Assignment>
Copy out the data word for word. The images are not part of the copy.

Information supplied>
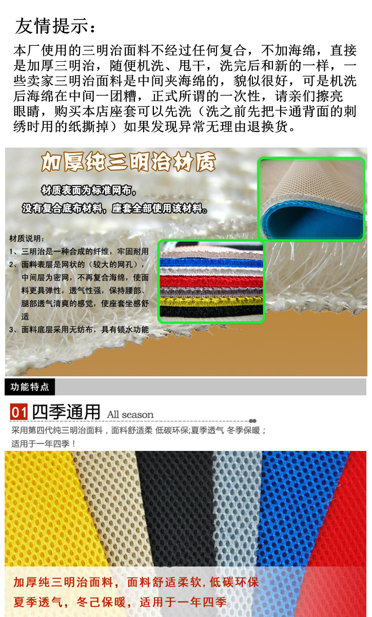 这是通用型汽车座套,适用于中低档汽车的车型,特殊尺寸可联系客服定制。
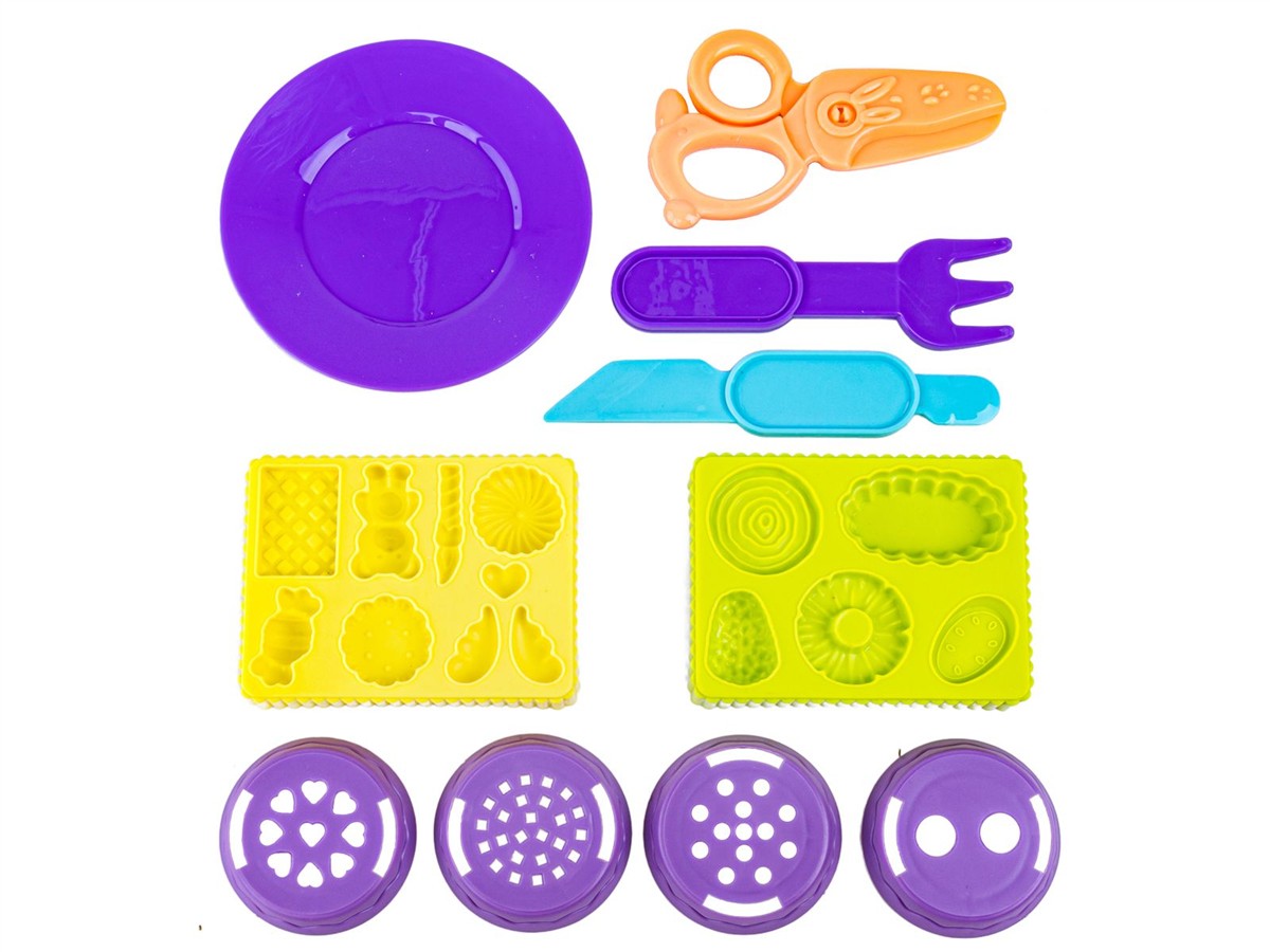 Zabawa masą plastyczną to wspaniała zabawa dla każdego dziecka. Nasz zestaw pozwala na odciśnięcie mnóstwa różnego rodzaju smakowitych dań, jak np. ciastka czy babeczki. Dzięki załączonym narzędziom możemy wykończyć je i zadbać o szczegóły.
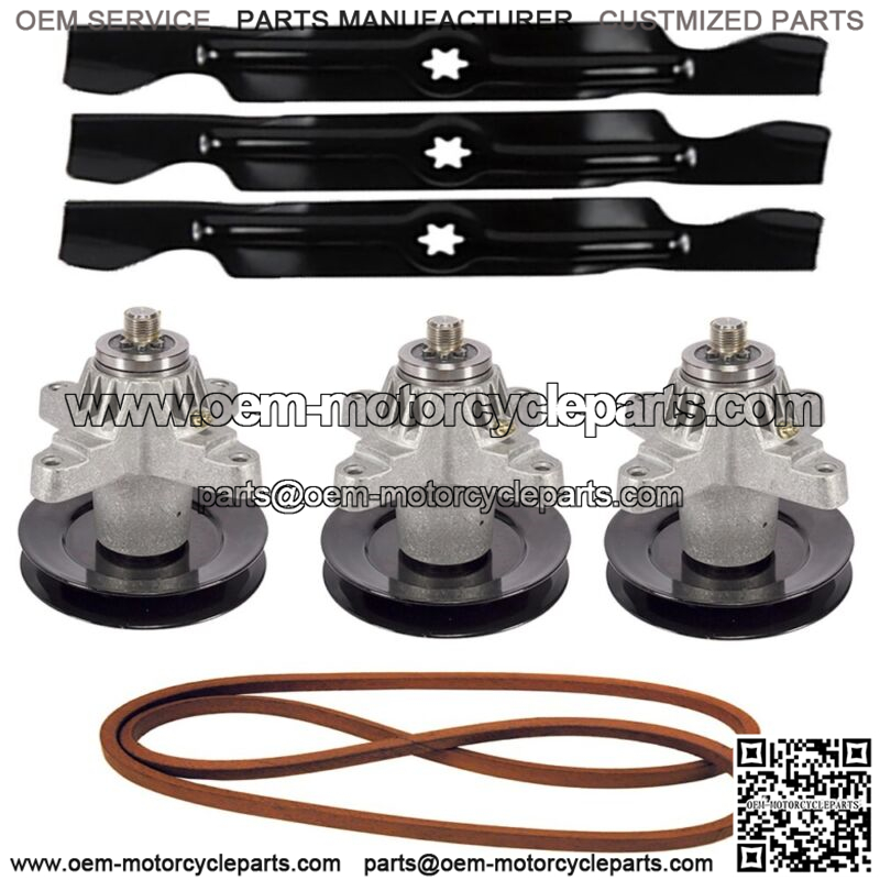 (3) 2-in-1 Mower Blades, (3) Spindle Assemblies, (1) Deck Drive Belt

Solution to the problem>
 这是通用型汽车座套,适用于中低档汽车的车型,特殊尺寸可联系客服定制。
 Zabawa masą plastyczną to wspaniała zabawa dla każdego dziecka. Nasz zestaw pozwala na odciśnięcie mnóstwa różnego rodzaju smakowitych dań, jak np. ciastka czy babeczki. Dzięki załączonym narzędziom możemy wykończyć je i zadbać o szczegóły.
 (3) 2-in-1 Mower Blades, (3) Spindle Assemblies, (1) Deck Drive Belt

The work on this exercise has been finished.